La semaine dernière, d’abord dans mon blogue puis au cours d’un débat à la télé, j’ai osé critiquer le fait que Les Justiciers masqués aient "pogné" Karla Homolka à leur émission de radio.
J’ai dit que je ne trouvais rien de drôle à ce qu’on fasse des tours de téléphone avec des meurtriers en série. Ça participe juste à les rendre sympathiques, humains, comme s’ils faisaient partie de la grande confrérie des personnalités québécoises.
Un jour, on "pogne" un chef syndicaliste. Le lendemain, on "pogne" une fille qui a participé au viol et à l’assassinat de sa propre sœur. Tout le monde sur le même pied d’égalité.
Karla Homolka, Paul Martin et le pape, même combat.
L’important est de "pogner" une personne connue. Fût-elle politicienne ou meurtrière.
Oulala, je ne vous dis pas la merde que j’ai reçue! Comme si j’avais traité Céline Dion de batteuse d’enfants…
"Vous n’avez pas le sens de l’humour, vous vous énervez pour rien…"
C’est cela, oui, je m’énerve pour rien. Deux comiques font des tours de téléphone avec Karla Homolka, et je devrais pisser dans mes culottes et leur lever mon chapeau.
Désolé, mais… non.
Non seulement je ne trouve pas ça drôle, mais je trouve ça de très, très mauvais goût.
Au Québec, on ne peut plus s’offusquer de rien. Le moindre doute, le moindre bémol, et paf! on vous traite de puritain.

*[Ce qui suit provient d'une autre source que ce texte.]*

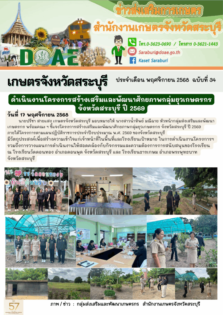 นายปรีชา สายแสง เกษตรจังหวัดสระบุรี มอบหมายให้ นางสาวน้ำทิพย์ มณีฉาย หัวหน้ากลุ่มส่งเสริมและพัฒนาเกษตรกร พร้อมคณะ ฯ ชี้แจงโครงการสร้างเสริมและพัฒนาศักยภาพกลุ่มยุวเกษตรกร จังหวัดสระบุรี ปี 2569 ภายใต้โครงการตามแผนปฏิบัติราชการประจำปีงบประมาณ พ.ศ. 2569 ของจังหวัดสระบุรี มีวัตถุประสงค์เพื่อสร้างความเข้าใจแก่เจ้าหน้าที่ในพื้นที่และโรงเรียนเป้าหมาย ในการดำเนินงานโครงการฯ รวมถึงการวางแผนการดำเนินงานให้สอดคล้องกับกิจกรรมและความต้องการการสนับสนุนของโรงเรียน ณ โรงเรียนวัดดอนทอง อำเภอดอนพุด จังหวัดสระบุรี และ โรงเรียนธารเกษม อำเภอพระพุทธบาท จังหวัดสระบุรี

Plus moyen de défendre un point de vue moral sans passer pour un moralisateur et un donneur de leçons. On a tellement peur des prêtres qu’on ressort le spectre de la Grande Noirceur dès que quelqu’un, quelque part, ose prononcer le mot "valeurs".
Sous prétexte d’être cool, ouvert et décoincé, il faudrait accepter n’importe quoi.
Des jeunes filles de huit ans portent des t-shirts bedaine? Bah, toutes les jeunes veulent s’habiller comme les grandes, c’est connu!
Une compagnie de vêtements utilise une imagerie inspirée de la porno infantile pour vendre des camisoles? Bah, le sexe n’a jamais fait de mal à personne, voyons!
Des humoristes font un tour de téléphone avec Karla Homolka? Mais c’est inoffensif, c’est drôle, ça ne fait mal à personne!
On diffuse des niaiseries à la télé publique? Allez, il ne faut pas être élitiste, la télé, ça appartient à tout le monde!
Les Témoins de Jéhovah refusent les transfusions sanguines? Mais on peut croire à ce qu’on veut, c’est un droit fondamental!
Bref, tout est génial, tout est parfait. Tout est super.
Ceux qui osent poser des questions sont des casseux de partys et des suceux de balustres qui rêvent de revenir aux années 50.
Comme c’est souvent le cas au Québec, on est passé d’un extrême à un autre. Du parent super-autoritaire qui sortait sa ceinture à la moindre peccadille au parent ultra-cool qui hausse les épaules chaque fois que son fils met le feu à sa chambre.
Avant, on s’énervait pour rien, alors qu’aujourd’hui, il n’y a plus rien qui nous énerve.
Le plus drôle là-dedans, c’est que les deux extrêmes se rejoignent.
Comme on dit: trop, c’est comme pas assez. Rire de rien et rire de tout, c’est la même chose. Ça participe au même nivellement, c’est deux façons d’éteindre toute discussion, d’imposer le silence, de neutraliser la dissension.
De faire peur.
"Je ne dirai pas que je n’aime pas ce gag car je vais passer pour un facho rétrograde qui se prend au sérieux et qui n’a aucun sens de l’humour."
Or, entre le "Je n’accepte rien" des années 50 et le "J’accepte tout" des années 2000, il devrait y avoir de la place pour une alternative, non?
Je commence à en avoir ras le cul des chiffres. "Deux millions de personnes ont ri en écoutant ce gag, c’est donc qu’il est drôle." Eh bien, non. Ce n’est pas parce que des millions d’Allemands ont voté pour Hitler dans les années 30 qu’il était un bon politicien. La masse, parfois, peut se tromper. Ça s’est déjà vu.
Il y a une différence entre porter un jugement moral et faire la morale. Tout comme il y a une différence entre respecter le peuple et être populiste.
Malheureusement, cette différence, on ne la voit plus.